Speaking of the Ice Age
UVA linguistic anthropologist Mark A. Sicoli and colleagues are applying the latest technology to an ancient mystery: how and when early humans inhabited the New World.
Their new research, which uses “big data” techniques to analyze more than 100 linguistic features, suggests complex patterns of contact and migration among the early peoples who first settled the Americas.
The diversity of languages in the Americas is like no other continent of the world, with eight times more “isolates” than any other continent. Isolates are “languages that have no demonstrable connection to any other language with which it can be classified into a family,” Sicoli said.
Linguists have identified 26 isolates in North America and 55 in South America, mostly strung across the western edge of the continents, compared to just one in Europe and nine in Asia.
“The high number of isolates in America suggests that there may have been related languages that went extinct without documentation,” Sicoli said. “Linguists are now asking the question of how to infer the existence of these missing languages from their effects on languages they were in contact with.”
“Scientists in the past decade have rethought the settlement of the Americas,” Sicoli said, “replacing the idea that the land which connected Asia and North America during the last ice age was merely a ‘bridge’ with the hypothesis that during the last ice age, humans lived in this refuge known as ‘Beringia’ for up to 15,000 years and then seeded migrations not only into North America, but also back into Asia.”

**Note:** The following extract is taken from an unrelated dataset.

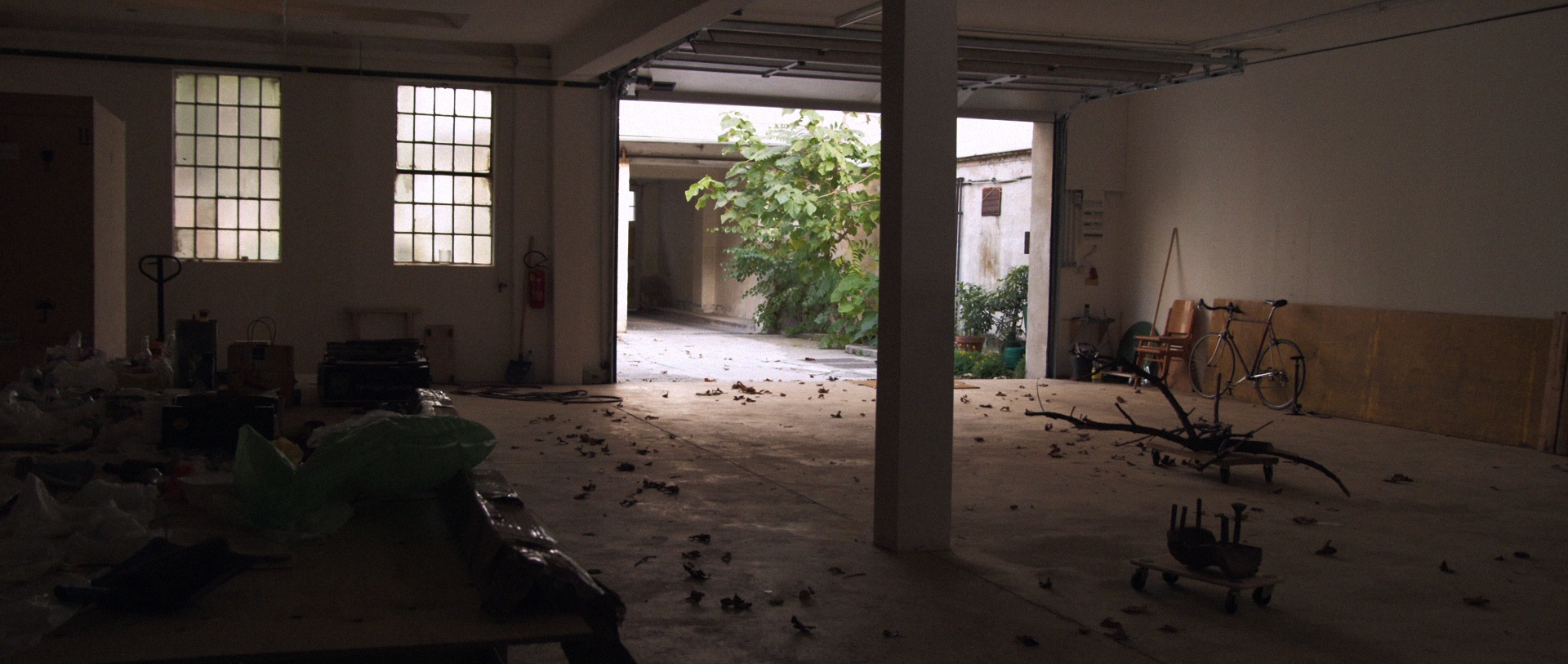 Hans Schabus has already put his studio through a great deal, for example the installation of a sizable model railroad just under the ceiling (Passagier // 2000) and a five-meter hole in the floor he dug himself (Schacht von Babel // 2003). Atelier covers the artist’s work space with another — filmic — room. The durations and sizes of shots, sequence of scenes and camera movements in this nine-minute work meticulously reconstruct the finale of Sam Peckinpah’s western The Wild Bunch (1969), and it also employs the other film’s soundtrack: Scenes of an almost empty street in Vienna are accompanied by jingling spurs and Mexican folk music. After just a few shots we are in the studio, which provides a view from the building’s roof, and the legendary over-the-top shooting begins. While the hail of bullets is not shown, the staccato editing with which Peckinpah staged his bandits’ end tears up the functionally designed studio: A swivel chair, two dark-green doors to a toilet, a full shelf, and so on remain unrelated spatial particles, and the cuts jump effortlessly between indoors and out. The absent film employed as a model prevents comprehension, as it applies its own system of coordinates to the space being filmed: Recurring shots from beneath chairs imply that someone’s hiding from something, movement on the part of the figures is suggested by the camera’s position, and random locations turn into centers of invisible action. At the conclusion: The massacre’s untouched location is shown in a long shot. Linking a late example of a western and an artist’s studio is equally melancholy and enigmatic: Was this the celebration of a withdrawn artist-as-subject’s last stand? Or was the studio honored as a scene of creative destruction? In any case, it represents a brilliant feat of cinematographic cross-mapping. (Joachim Schätz)

In a presentation Friday to the annual meeting of the American Association for the Advancement of Science in Boston, Sicoli joined other scientists discussing “Beringia and the Dispersal of Modern Humans to the Americas.” Since much of Beringia – theorized to have been located generally between northwest North America and northeastern Asia – has been under water for more than 10,000 years, it has been challenging to find archaeological and ecological evidence for this “deep history,” as Sicoli called it.
Recent ecological, genetic and archaeological data support the notion of human habitation in Beringia during the latest ice age, between 25,000 and 14,000 years ago. The new linguistic research methods, which use “big data” to compare similarities and differences between languages, suggest that such a population would have been linguistically diverse, Sicoli said.
In “Linguistic Perspectives on Early Population Migrations and Language Contact in the Americas,” Sicoli’s analysis points to the existence of at least three now-extinct languages of earlier migrations that influenced existing Dene and Aleut languages as they moved to the Alaska coast. The data comparing dozens of indigenous languages support phases of migration and multilingual language contact along the Alaska coast, which potentially involved languages related to current linguistic isolates.
In his presentation, Sicoli described several comparisons from computational work with multiple languages – for example, from the Yeniseian of Siberia, the Dene family of North America, plus Eskimo, Aleut and Haida (an isolate) languages. He combined geographical maps with language networks from the database to show relationships between languages and where language-mixing with the three “ghost” languages occurred.
“The computational methods give us traction on questions that have been unanswered,” said Sicoli, who is continuing to work with Anna Berge of the University of Alaska and Gary Holton of the University of Hawaii on early language contact. “They help us understand how people migrated and languages diversified, not simply through isolation, but through multilingual contact.
“Such language contacts support that the mixing populations also mixed their languages as part of human adaptation strategies for this region and its precarious environment,” Sicoli said.